As described in the paper "Preclinical Development of MGC018, a Duocarmycin-based Antibody-drug Conjugate Targeting B7-H3 for Solid Cancer," the authors report on preclinical studies that showed that MGC018 mediated specific in vitro killing across a range of B7-H3-expressing solid tumor cell types. Furthermore, the preclinical studies showed that MGC018 mediated bystander in vitro killing of B7-H3-negative tumor cells in the presence of B7-H3-positive tumor cells.

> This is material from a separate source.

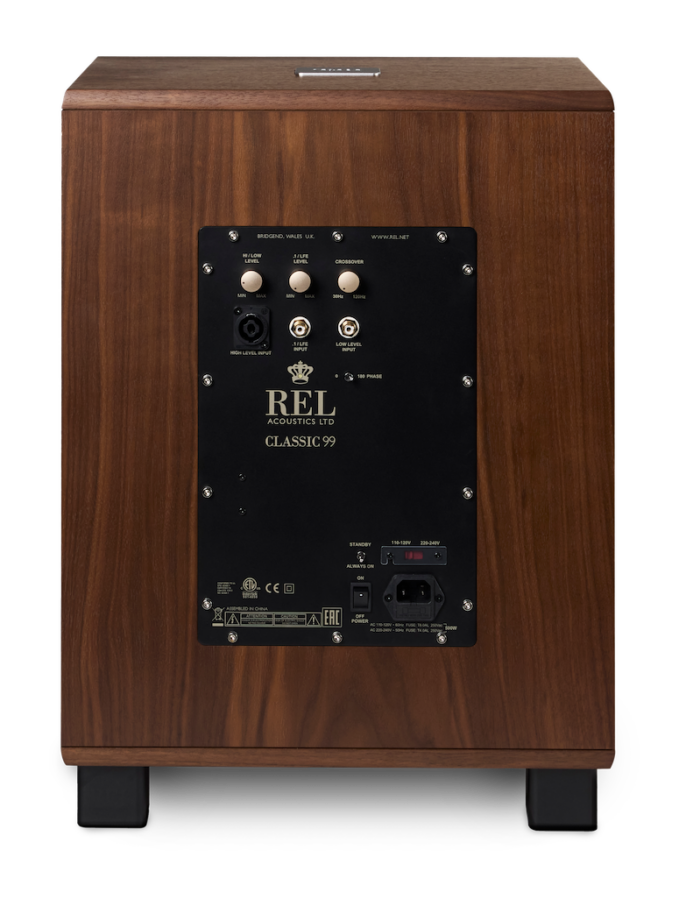 Classic 99 перенимает язык форм, представленный в модели 98. Удобный, как пара поношенных туфель, он отличается массивными стенками корпуса толщиной 32 мм, облицованными богатым, тёплым ореховым шпоном и подобранными вручную с особой тщательностью. Простейшие значки из натурального алюминия и плавно изогнутые ножки, фрезерованные из цельной заготовки, чёрные, чтобы создать ощущение парения, гарантируют, что ничто, даже решётка, не нарушит атмосферу. Однако, как и у всех REL, стиль выражает нечто большее, чем просто комфорт. 12-дюймовый динамик, направленный вниз, хотя и не виден, несомненно, будет ощущаться. Переходя к задней панели, можно заметить, что точная детализация той эпохи распространяется и на панель усилителя, где все элементы управления отделаны прекрасным белым золотом. Всё, что вы видите, оснащается качественными переключателями, даже щелчок фазового переключателя близок к идеалу. Качество повсюду, куда ни глянь или к чему ни прикоснёшься. Не удивляйтесь, если ваши дети будут драться из-за него в будущем.

MGC018 displayed potent antitumor activity in preclinical tumor xenograft models of breast, ovarian and lung cancer, as well as melanoma. Additionally, antitumor activity was observed toward patient-derived tumor xenograft models of breast, prostate and head and neck cancer displaying heterogeneous expression of B7-H3. Importantly, MGC018 exhibited an acceptable pharmacokinetic and safety profile in cynomolgus monkeys following repeat-dose administration.

"With its overexpression on a wide range of solid cancers but limited presence on normal tissues, B7-H3 is an attractive candidate for an ADC-targeting approach," said Deryk Loo, Ph.D., Senior Director of Research at MacroGenics and the lead author of the paper. "The published preclinical antitumor activity data and safety profile provided evidence of a potentially favorable therapeutic index to support the development of MGC018 for the treatment of solid tumors."

Scott Koenig, M.D., Ph.D., President and CEO of MacroGenics, further commented: "Encouraged by the MGC018 interim clinical dose escalation data presented at ASCO (Free ASCO Whitepaper) in May, we have recently initiated recruitment of patients with metastatic castration-resistant prostate, triple negative breast and non-small cell lung cancers in the dose expansion portion of the Phase 1 clinical study. We expect to provide an update on this study next year."

About MGC018

MGC018 is comprised of an anti-B7-H3 humanized IgG1/kappa monoclonal antibody conjugated via a cleavable linker to the prodrug seco-DUocarmycin hydroxyBenzamide Azaindole (DUBA; licensed from Byondis, B.V.), with an average drug-to-antibody ratio (DAR) of ~2.7. DUBA is an alkylating agent that can damage DNA in both dividing and non-dividing cells, causing cell death. MGC018 is being evaluated in a Phase 1 study (NCT03729596). Preliminary clinical results from the dose escalation portion of this study were presented at the 2020 American Society for Clinical Oncology (ASCO) (Free ASCO Whitepaper) Scientific Program. MacroGenics retains full worldwide rights to MGC018.